Falling sales may lead to rental reductions

The domestic market for UK vehicles sales has had a knock-on effect to the rental sector, prompting fears that the economic downturn may yet see rental companies operating at costs in 2012 that will seriously jeopardise their future. On the surface, this appears good news for companies that lease their field sales cars and small delivery vans in the LCV category, but, when you dig deep into the consequences long-term, is it really?

For starters, if the price of your actual van rental, subject to status, is at rock-bottom levels are the lease-hire companies inflating the ancillary products to the main contract? Most companies will include basic third party and theft liability within the base rental price but additional insurance for van drivers who lease their commercial vehicle is usually extra.
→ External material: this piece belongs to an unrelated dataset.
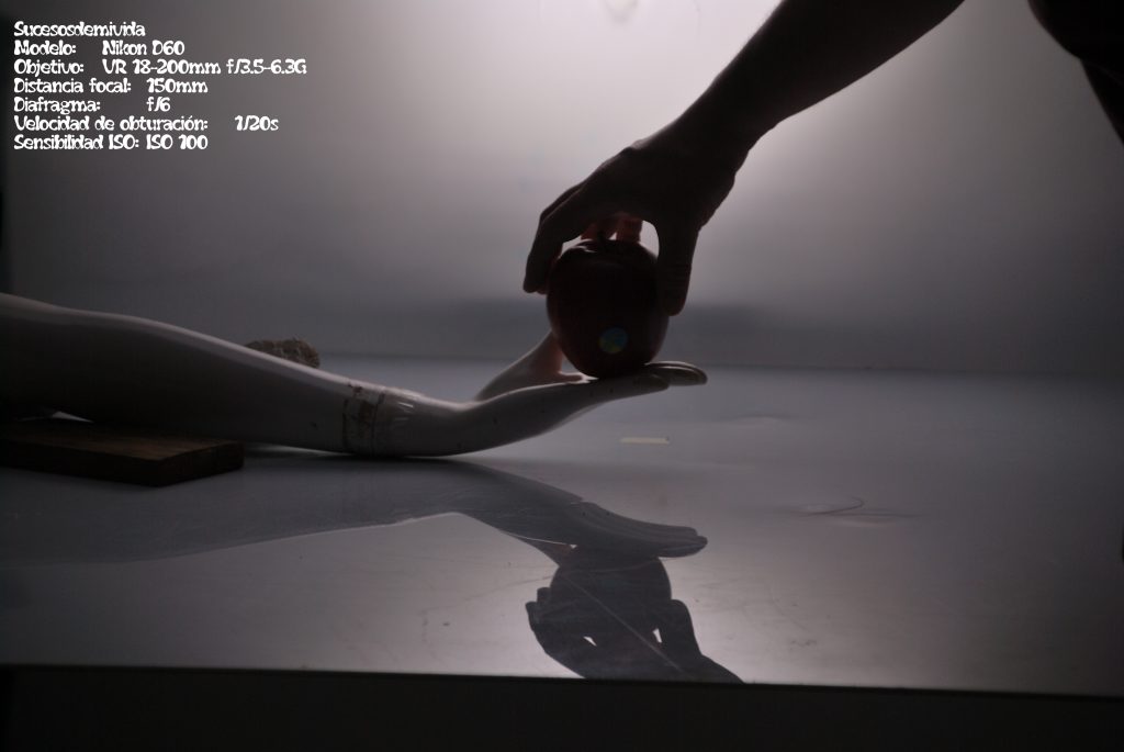 A nivel de luz, las fotos se hicieron con la luz de la habitación apagada, y dos puntos de luz, uno debajo de la mesa aunque en esta ocasión en una posición más elevada que en la clase anterior apuntando al fondo blanco y otro de manera lateral en la parte izquierda, en la que la pared era negra. Es decir, quedaba a un lado de los alumnos apuntando de manera diagonal la escena. Con este punto de luz que iluminaba la escena es con el que más probamos distintas posiciones para tratar de buscar la mejor iluminación y la eliminación de reflejos no deseados.

It is commonplace, however, that other lawful conditions of van insurance are necessary to be taken out before you can pull of the lot that are not included. It is here that there is a query as to whether it is cheap van insurance or an extortionately inflated cover policy to make up for the fact that the rental price is so very low that van-rental drivers are being sold.

rental van insurance not as comprehensive as you may think

Some of the savings organisations may be making by hiring vans ad hoq are being negated by the expensive premiums for excess, personal accident, supplemental liability, and personal effects add-ons that van drivers, unless fully au fait with the conditions of insurance or lease agreement, may not even realise they are not covered for until an accident occurs, simply because they have neglected to take out these ancillaries due to price.

With so many large names remaining in the vehicle rental sector, 3,050 businesses in all according to an IBIS overview tracking the five-year trend for the sector, competition remains extremely fierce. The report batches together domestic cars and light commercial vehicles in the study and has looked at the impact of sales since the global economy started to go pear-shaped in 2008 and will bear fruition next year as the five year plot realises completion.

Their forecasts for large reductions in the early years (2008/09/10) slowing but still falling in the latter years (2011/12) looks bang on the money. As we reach the last fortnight of 2011, many of the larger rental organisations have started to sum up 2011 and, with much trepidation it has to be said, are making their predictions for 2012.